It would be unworkable to have different employment laws applying in the different jurisdictions in Great Britain. This was recently considered by the Smith commission for Scotland, and it concluded that employment and industrial relations law should remain reserved.
The noble Baroness, Lady Morgan, asked about legal advice. As noble Lords would expect, the Government have taken legal advice on the measures in the Bill relating to a number of areas. The Government do not, as she probably knows, disclose such advice; nor do we comment on leaked documents. The Government are committed, in implementing the Trade Union Bill, to fairly balance the right to strike with the rights of millions of people to go about their normal lives. Having said that, it will come as no surprise to noble Lords that I am always keen to explore areas of potential agreement, but the measures before us do reflect our manifesto and were supported by a clear majority in the elected Chamber.
The noble Lord, Lord Hain, said that he was less interested in the substance of the Bill than in the constitutional issues. As it is late, I will not go through the amendments clause by clause—although I can respond if that is wanted. I just point out that many employers will have staff across some or all of these regions. Business leaders have rightly raised concerns that this could create administrative complexities and could result in differential treatment of different groups of employees. This is not a matter of minute detail. The Government’s objective is to drive productivity and growth across the United Kingdom. These amendments could generate a lot of confusion and additional costs for both employers and unions and make it more complex for businesses to expand into other regions.

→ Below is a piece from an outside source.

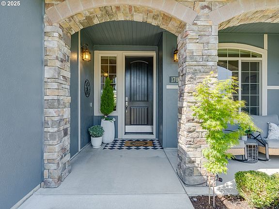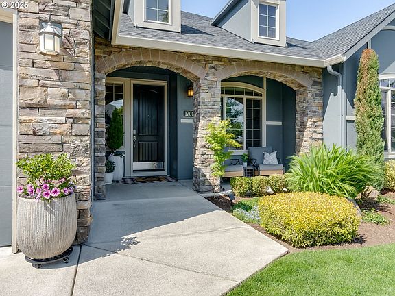 Built by New Tradition Homes in an upscale neighborhood, this thoughtfully designed 3 bedroom 2.5 bath home offers comfort, function, and style. Located in the sought-after Hockinson School District and close to shopping, parks, and trails. The great room floorplan features high ceilings, hardwood floors, upgraded trim, and a two-way gas fireplace that opens to the covered patio. The spacious kitchen includes a gas range with hood, double oven, oversized island with bar seating, quartz counters, pantry, and under-cabinet lighting. The primary suite is privately situated with a large walk-in closet featuring built-ins, jetted tub, tile shower, dual sinks, and direct access to a private hot tub with bamboo privacy screens. One-level living with a versatile loft perfect for an office. Fully landscaped yard with extended patio and side garden. Additional upgrades include wood-wrapped windows, wainscoting, custom blinds, tankless water heater, LVP flooring in primary bath, and included refrigerator.

The Trade Union Bill is not the right forum for pushing forward the frontiers of the devolution settlements. Employment and industrial relations are reserved matters and the Bill, which deals with employment and industrial relations law, should respect that.
Before the Minister closes the debate, she has not dealt with my suggestion, which comes from the Scottish Executive, that, at the very least, regulation-making powers for check-off and facility time might be given to Scottish and Welsh Ministers. That does not take away our powers here in the United Kingdom Parliament over employment law. We are still making the law; all that we are saying is that these regulation-making powers for those two areas should be given to Scottish and Welsh Ministers. If the Minister really is in listening mode, she does not need to agree to that today; all she needs to say is that she will look at it, discuss it with her colleagues and come back on Report.
My Lords, in the tradition of this House, I do not want to close the debate without saying that we are open to further discussion. We are, of course, open to discussing implementation of the Trade Union Bill in Wales and Scotland. To answer, as far as I can, the questions from the noble Baroness, Lady Randerson, and the noble Lord, Lord Wigley, my colleague Nick Boles spoke only last week to Roseanna Cunningham, Cabinet Secretary for Fair Work in the Scottish Government, and to Leighton Andrews, Minister for Public Services in the Welsh Government; both “stars” who have already featured in this evening’s debate. Of course, discussions are still going on in the context of the Scotland Bill, which is being scrutinised by a Committee of this House, and the draft Wales Bill, which the Government published in October. They are also part of a complex picture and need to be taken into account.
My Lords, it is late, we have discussed this at length and I ask noble Lords to withdraw their amendments.